In view of these submissions, the Bench held,
“… the Writ Petitioners before us ultimately succeed because, Article 254(1) by its operation rendered the impugned Tamil Nadu Legislations repugnant, and null and void, as on the date on which the New Act was made, i.e. 27.09.2013, the date of making of the New Act, as held in the case of State of Kerala v Maar AppraemKuri Co. (Supra)and therefore the impugned Acts do not survive.
By enacting Section 105-A of the New Act, the State of Tamil Nadu could not have revived the three state Acts, that had become repugnant as on 27.09.2013. In order to revive these acts, the State must re- enact these statutes, in accordance with Article 254(2) of theConstitution of India, and obtain the assent of the President.
Merely, by inserting Section 105-A and the 5th Schedule, in the new Act, these impugned enactments do not get revived. Since this had admittedly not been done, the Acts remain repugnant, and Article 254(1) renders them inoperative.
In view of the requirements of Article 254(2) of the Constitution of India, Section 105-A of the New Act, is virtually otiose. Since We have already held that Section 105-A has not revived the State Acts, the validity of Section 105-A per se, need not be examined by us.”
Mandatory pre-conditions for enactment of Section 105A not satisfied
The petitioners also highlighted that Section 105A(2) itself laid down that a notification should be published within a year if any exemption was to be made under Section 105A(1).
The notification is intended to clarify that provisions concerning compensation and rehabilitation under the 2013 Act would not be diluted even with respect to land acquisitions carried out under the exempted Acts. Further, this notification would also have to be laid before the State Assembly for their approval under Section 105A (3). Without following this procedure, it was contended that Amendment Act introducing Section 105A was a still born Act.
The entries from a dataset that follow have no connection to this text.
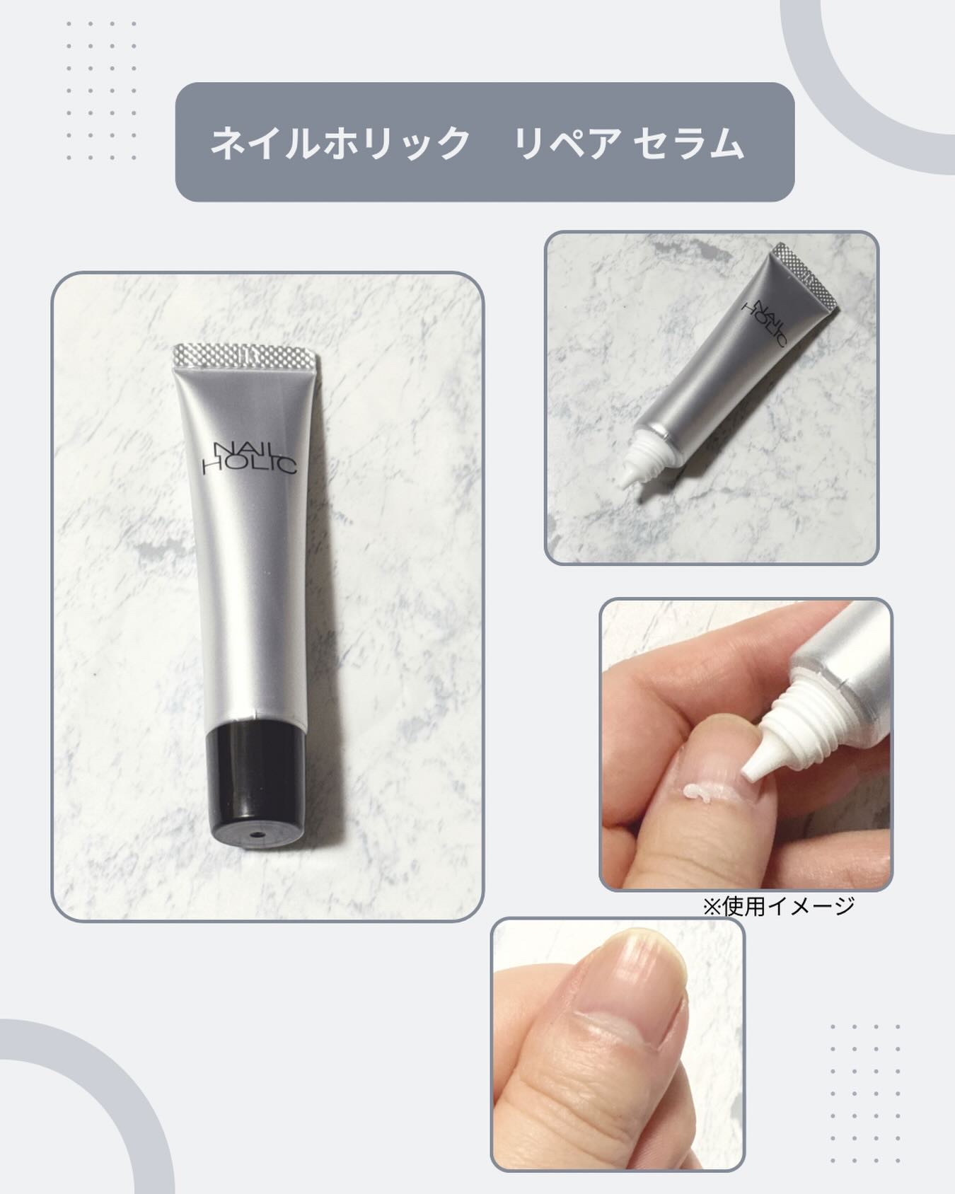 モニターとして使用しました。ネイルホリック リペアセラム容量/価格:15g/770円(税込)※価格は参考小売価格です(お店によって異なる場合があります)セラミド*1をはじめとするうるおい成分*2を贅沢に配合し、なめらかで美しい爪・指先を叶える...
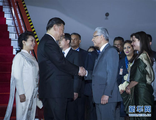 当地时间晚9时15分许,习近平乘坐的专机抵达拉姆古兰国际机场。毛里求斯总理贾格纳特到机场迎接。当习近平和夫人彭丽媛步下舷梯,贾格纳特和夫人科比塔迎上前去。科比塔向彭丽媛献上鲜花。
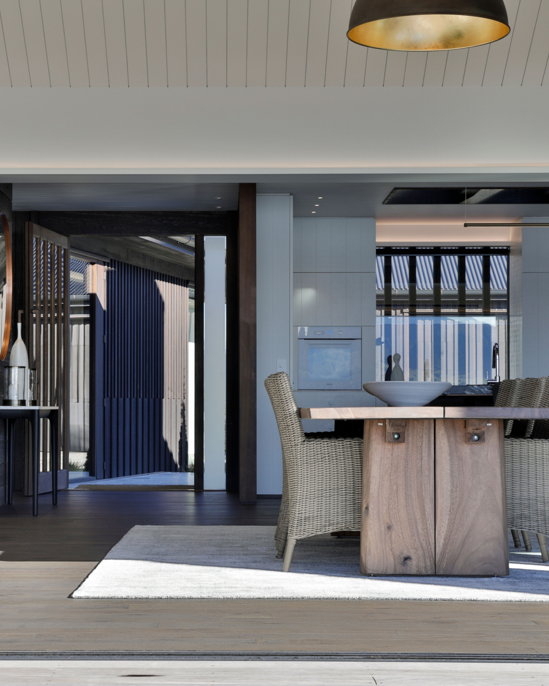 Projekt czerpie z dziedzictwa lokalnych „bachów”, z prostymi formami i elewacją z desek. Główne przestrzenie mieszkalne i sypialnia są rozmieszczone w kształcie boomerangu, odzwierciedlając plan wcześniejszego domu na tym terenie.
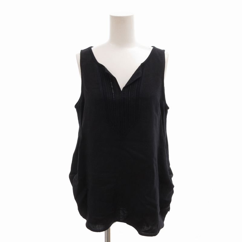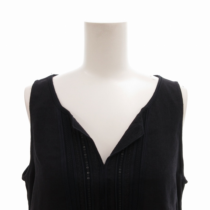 ソブ sov. ダブスタ ノースリーブシャツ ブラウス キーネック ビジュー 刺繍 紺 ネイビー /FT レディース
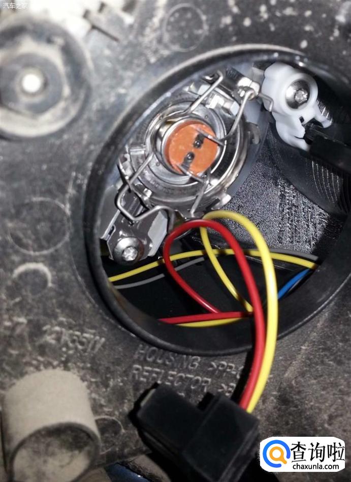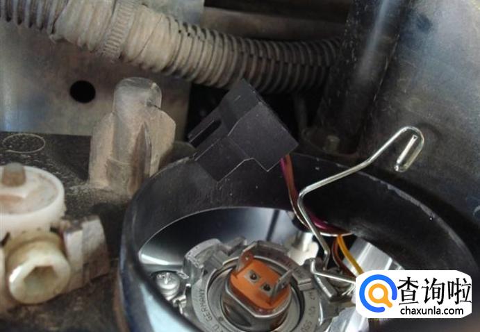 将灯泡从反射罩中取出。灯泡一般是由钢丝卡簧固定,某些车型的灯泡还带有塑料底座。
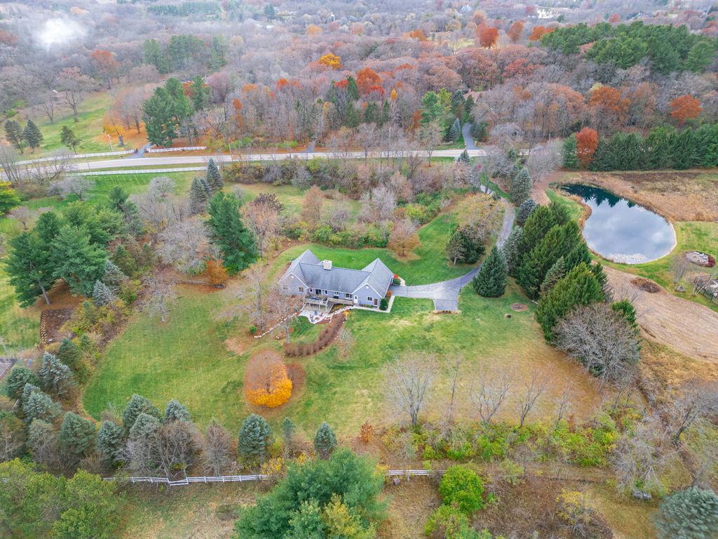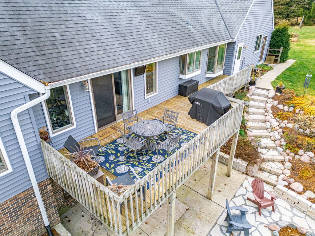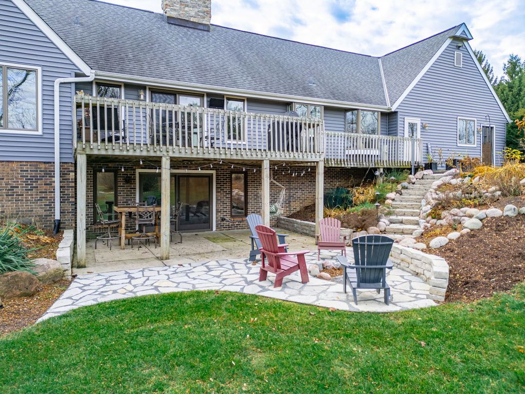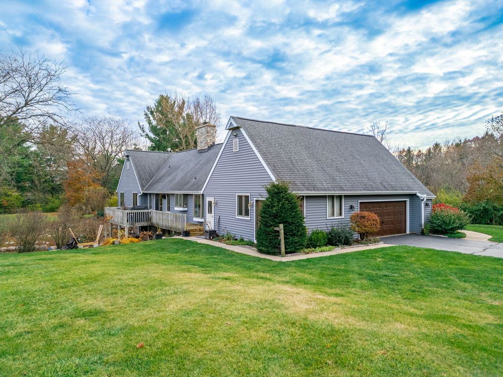 Beautiful, sprawling ranch home set on 5 peaceful acres zoned Agricultural, featuring full walkout exposure! With over 4,000 sq ft of living space across two levels, this home offers abundant room to spread out and enjoy comfortable country living. The inviting Family Room includes a brick fireplace, is open to the Kitchen, and features sliding doors leading to a large deck-perfect for entertaining or taking in the serene views. A spacious first-floor Laundry Room offers exceptional convenience with abundant cabinetry and an exterior door for easy access. The light-filled Kitchen shines with crushed quartz countertops, double ovens, a cooktop, and a generous dinette area overlooking the picturesque yard. Adjacent to the kitchen, the sunken Living Room and Formal Dining Room are lined with large windows that flood the space with natural light. The walkout lower level provides incredible additional living space, including a large family room, kitchenette area, and a second family room currently used as a home office, theater room, or potential 4th bedroom (note the Murphy bed). A full bathroom completes the lower level. The full walkout lower level leads directly to a patio and firepit-ideal for outdoor relaxation and gatherings. A rare blend of acreage, privacy, and spacious living, this property is ready to welcome you home. Located in Belvidere North School District with easy access to main roads, Rockford, and I-90. Plenty of Room for a second garage.

In this case, however, the Tamil Nadu Government only issued three Government Orders in December 2014. The State asserted that these Government Orders satisfied the condition of issuing notifications under Section 105A (2). Further, it was also argued by the State government that the issuance of such notification was only directory.
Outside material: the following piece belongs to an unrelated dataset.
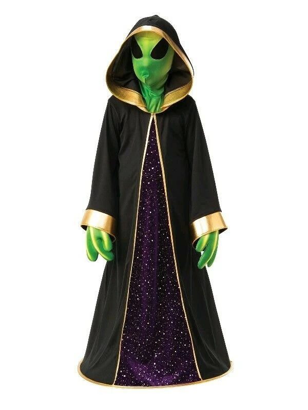 - Full length hooded robe in polyester fabric with gold details at hood, collar and centre panel plus glittery stars in purple panel from chest to ground
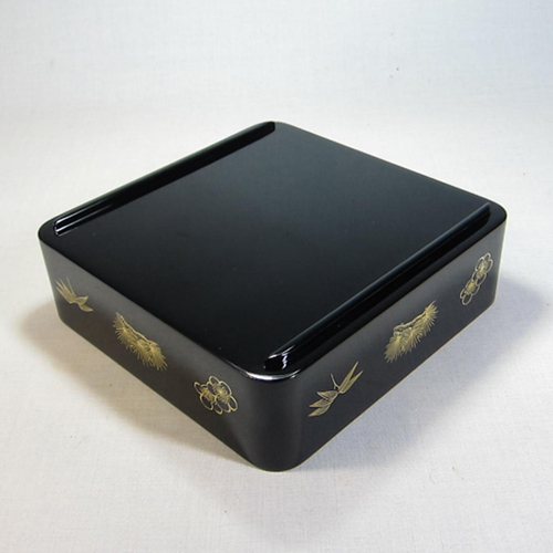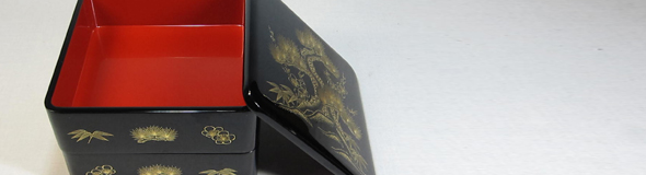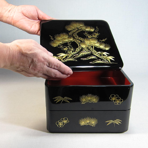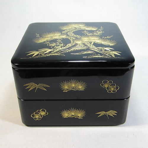 輪島塗 ヴィンテージ お重箱 二段手彫沈金 松竹梅 -黒- [艶高]

The Court, however, disagreed. It ruled,
“The provisions of Section 105A(2) and (3) are mandatory in view of the necessity of complying with these provisions. The State Government has failed to make the necessary notifications, as contemplated under 105A(2) and as such the provisions of Section 105A(2) have not been satisfied.
Since the notifications have not been made under sub-section (2) the requirement of sub-section (3) i.e. placing the draft notifications before the State Legislature has also obviously not been met.
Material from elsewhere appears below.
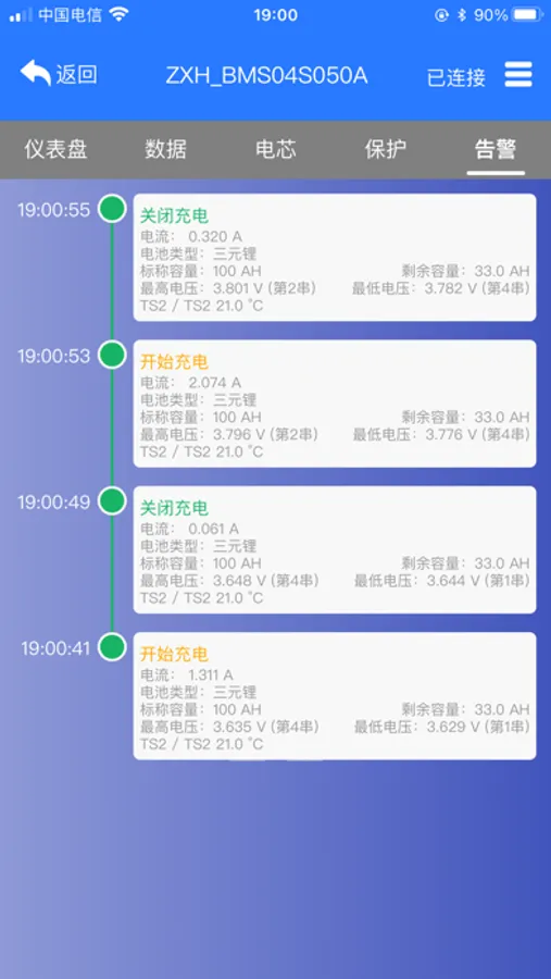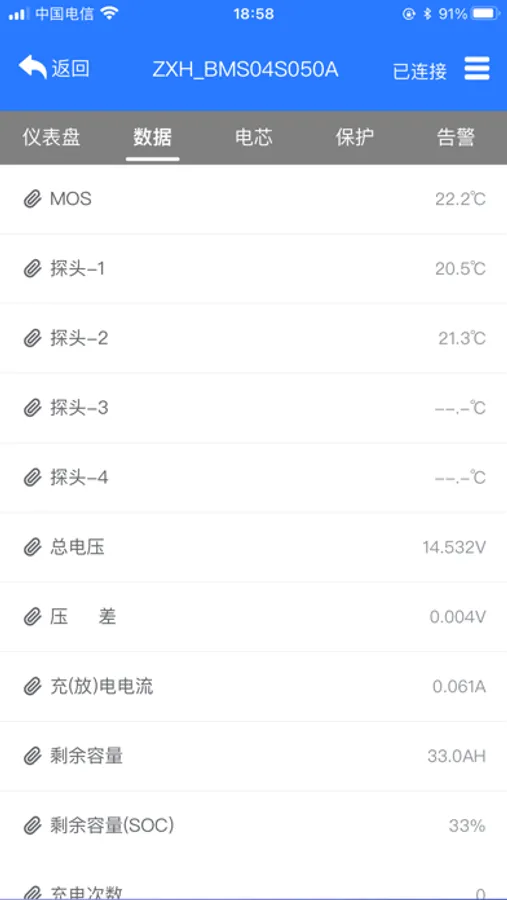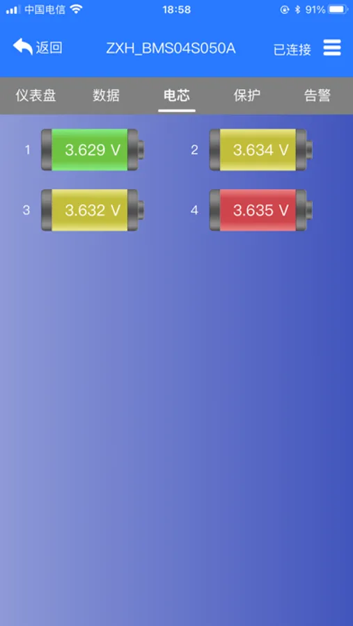 一款专门为电池保护板开发的APP,主要用来读取锂电池各串电池电压,充放电电流、保护状态,以及电池保护板的参数设置功能,让用户能够清晰的了解电池的状态,保障电池的使用安全。通过加入仪表板、电量、温度显示等功能,让用户更好的了解状态。

We therefore hold, that the requirements of Section 105A(2) & (3) have not been satisfied, and as such the insertion of the enactments in the 5th Schedule of the new Act, was not done in accordance with law.”
With these observations, the High Court allowed the writ petitions. However, the Court rejected the arguments made by the petitioners that the provision itself was arbitrary and discriminatory, and that the president had not applied his mind while giving his assent for the bill.